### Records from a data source
[Start of section]

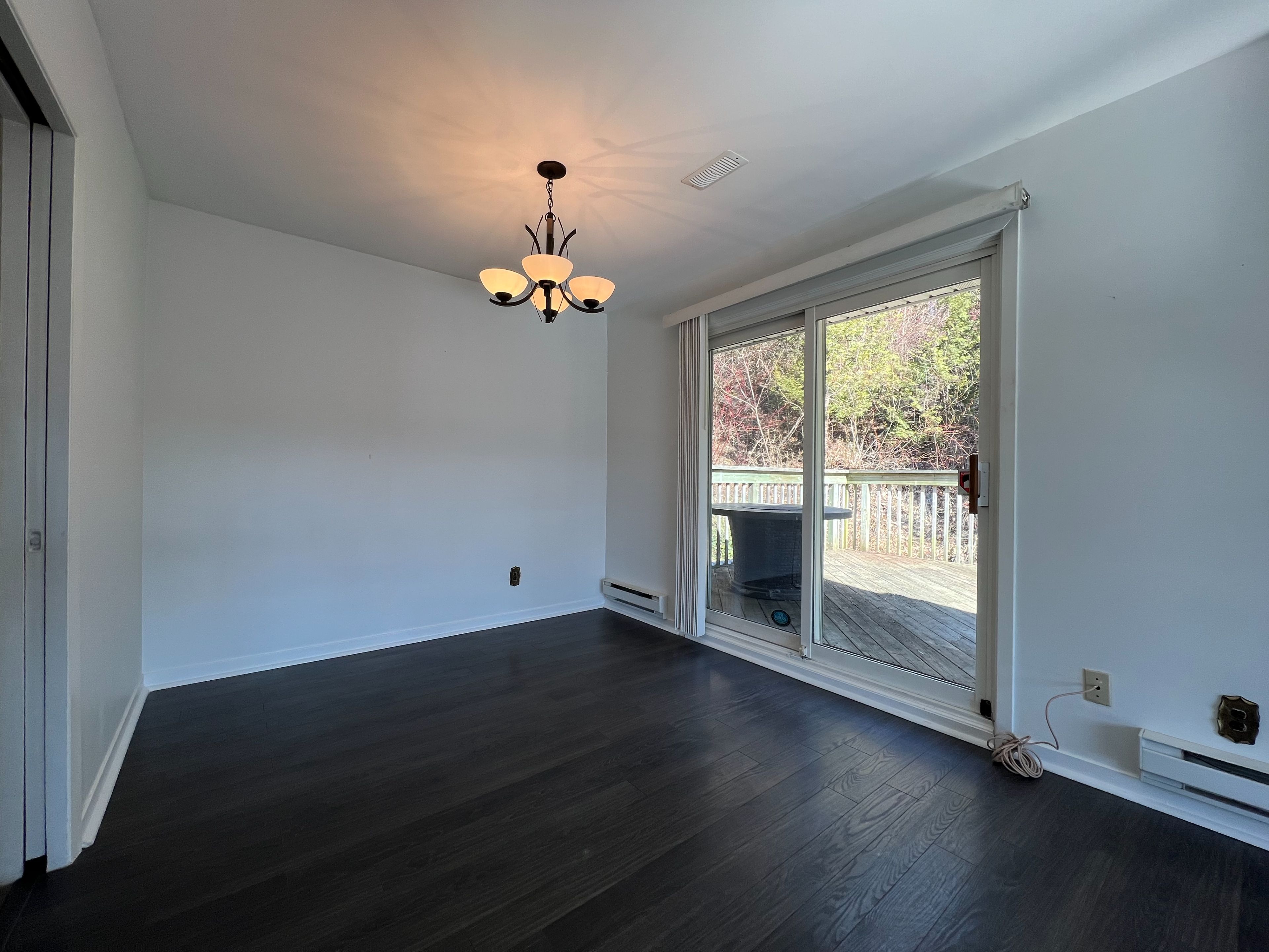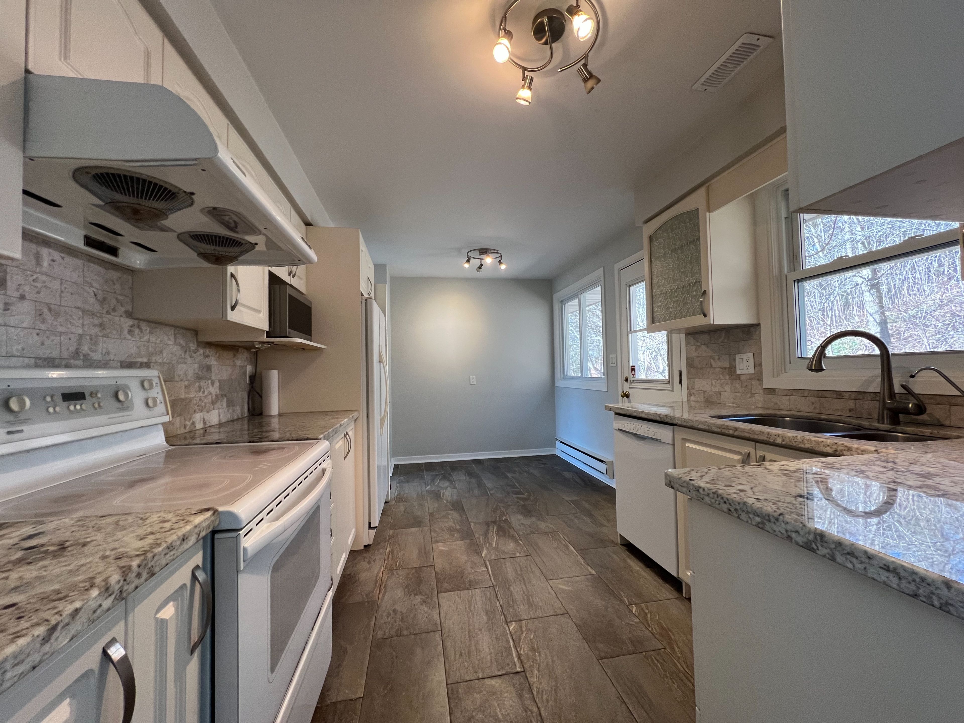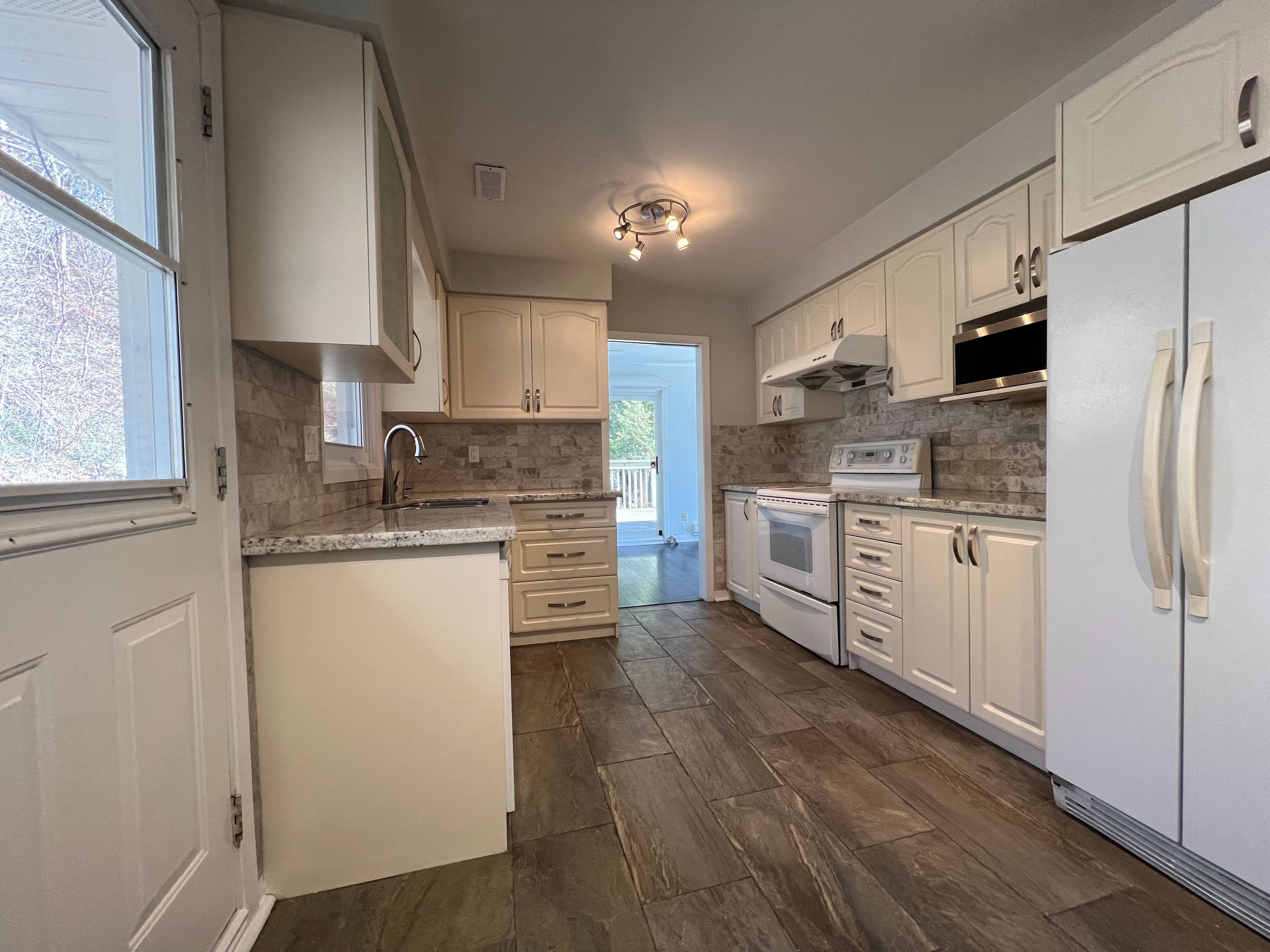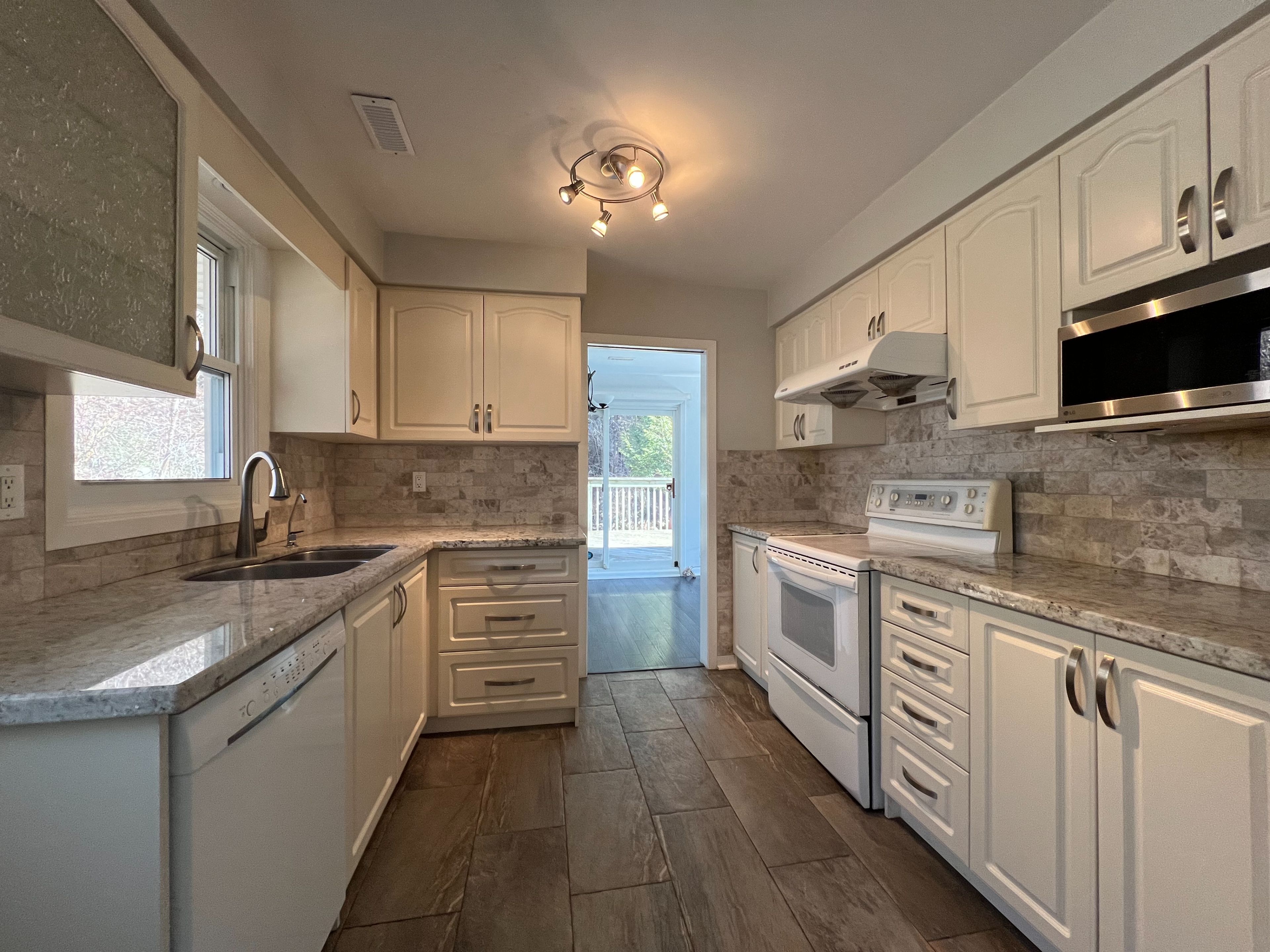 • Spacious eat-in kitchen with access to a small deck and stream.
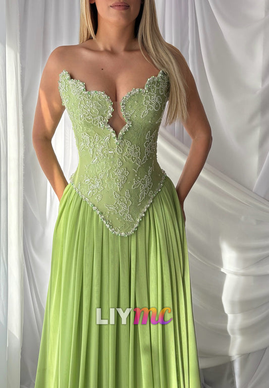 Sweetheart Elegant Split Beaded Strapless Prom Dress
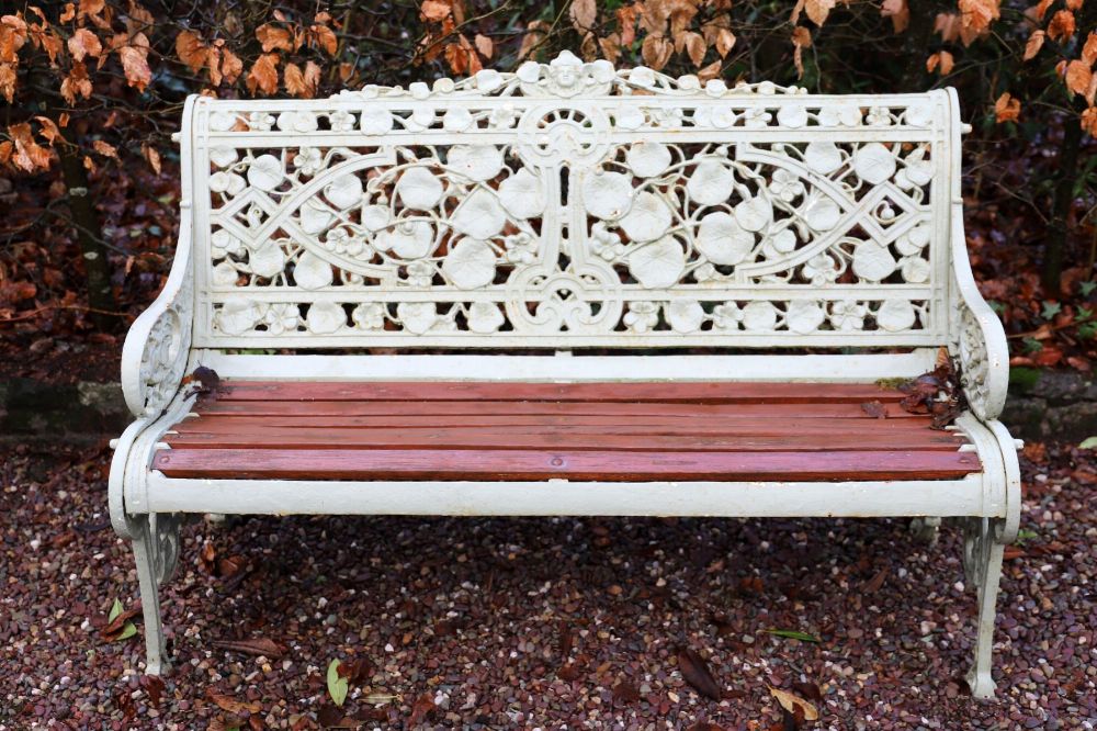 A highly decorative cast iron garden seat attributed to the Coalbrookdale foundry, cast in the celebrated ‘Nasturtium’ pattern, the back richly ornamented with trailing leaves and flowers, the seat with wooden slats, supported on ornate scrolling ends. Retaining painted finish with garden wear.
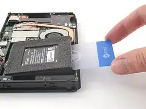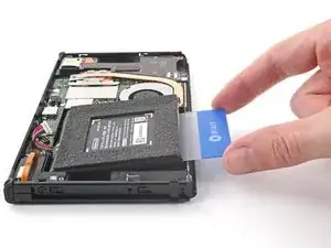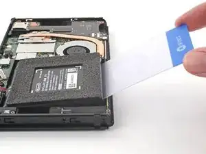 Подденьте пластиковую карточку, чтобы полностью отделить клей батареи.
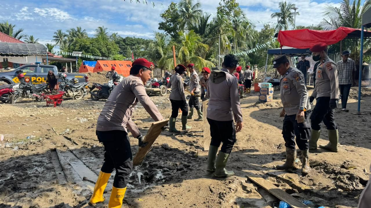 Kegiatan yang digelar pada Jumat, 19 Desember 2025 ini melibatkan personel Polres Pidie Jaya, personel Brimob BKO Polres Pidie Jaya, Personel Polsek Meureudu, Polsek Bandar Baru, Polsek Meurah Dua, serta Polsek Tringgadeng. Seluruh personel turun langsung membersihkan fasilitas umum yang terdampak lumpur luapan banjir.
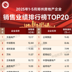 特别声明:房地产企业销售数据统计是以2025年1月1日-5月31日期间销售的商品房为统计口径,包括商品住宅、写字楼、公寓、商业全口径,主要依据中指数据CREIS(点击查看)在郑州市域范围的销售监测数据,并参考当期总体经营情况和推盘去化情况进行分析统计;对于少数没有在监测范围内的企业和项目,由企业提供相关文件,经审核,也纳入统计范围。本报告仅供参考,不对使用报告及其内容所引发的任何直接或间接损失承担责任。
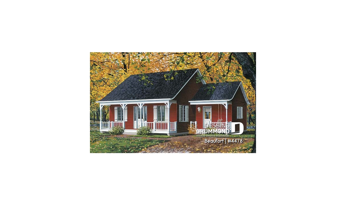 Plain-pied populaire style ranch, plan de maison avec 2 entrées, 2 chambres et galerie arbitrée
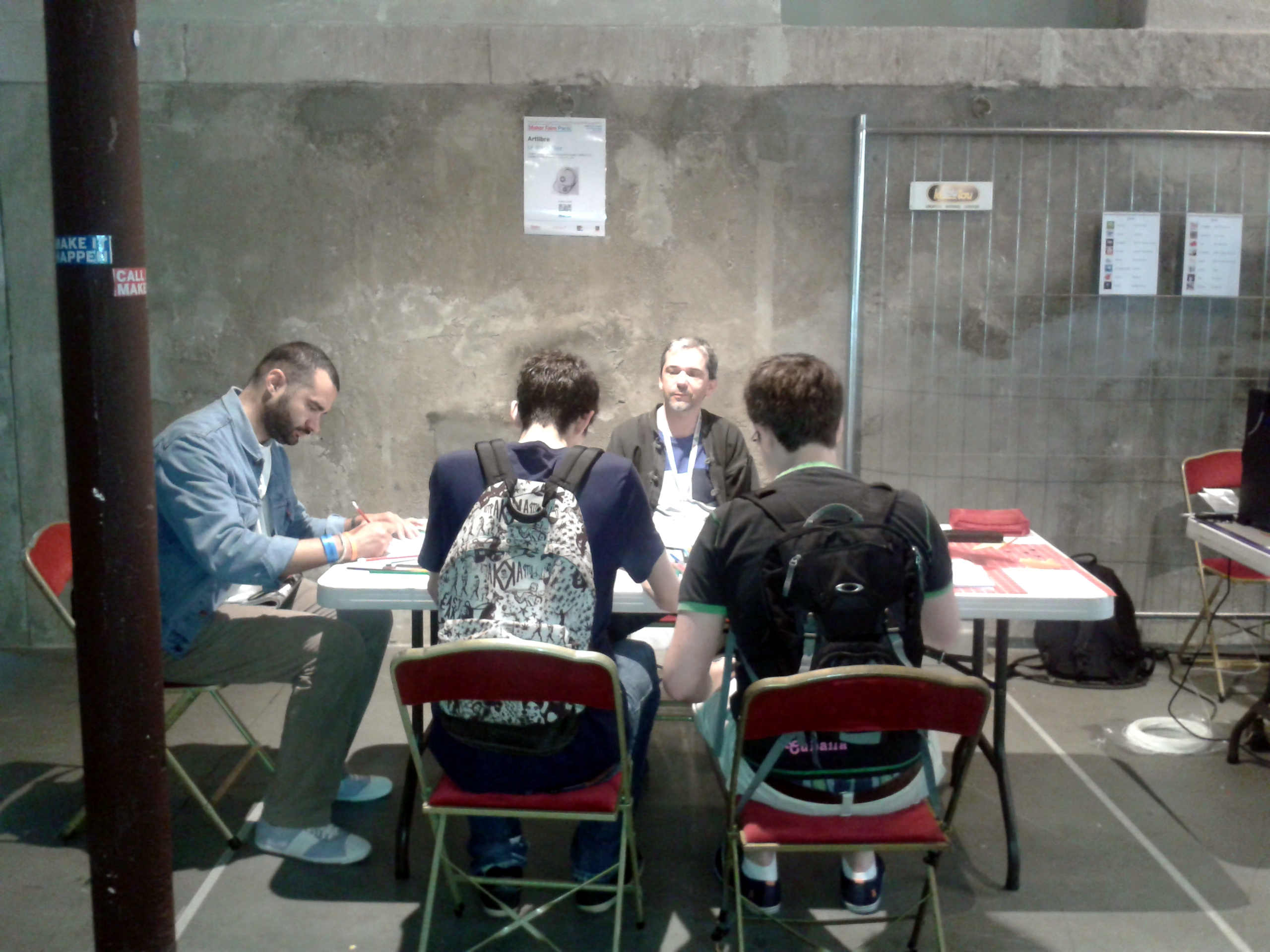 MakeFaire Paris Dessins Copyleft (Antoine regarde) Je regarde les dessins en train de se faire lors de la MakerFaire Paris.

[End of section]

### WHAT IS BEING ASKED
Find the line with "Подденьте пластиковую карточку, чтобы" and the line with "特别声明:房地产企业销售数据" in the records above. Copy both and all lines between them exactly, without pictures.

### ANSWER TO THIS EXERCISE
 Подденьте пластиковую карточку, чтобы полностью отделить клей батареи.
 Kegiatan yang digelar pada Jumat, 19 Desember 2025 ini melibatkan personel Polres Pidie Jaya, personel Brimob BKO Polres Pidie Jaya, Personel Polsek Meureudu, Polsek Bandar Baru, Polsek Meurah Dua, serta Polsek Tringgadeng. Seluruh personel turun langsung membersihkan fasilitas umum yang terdampak lumpur luapan banjir.
 特别声明:房地产企业销售数据统计是以2025年1月1日-5月31日期间销售的商品房为统计口径,包括商品住宅、写字楼、公寓、商业全口径,主要依据中指数据CREIS(点击查看)在郑州市域范围的销售监测数据,并参考当期总体经营情况和推盘去化情况进行分析统计;对于少数没有在监测范围内的企业和项目,由企业提供相关文件,经审核,也纳入统计范围。本报告仅供参考,不对使用报告及其内容所引发的任何直接或间接损失承担责任。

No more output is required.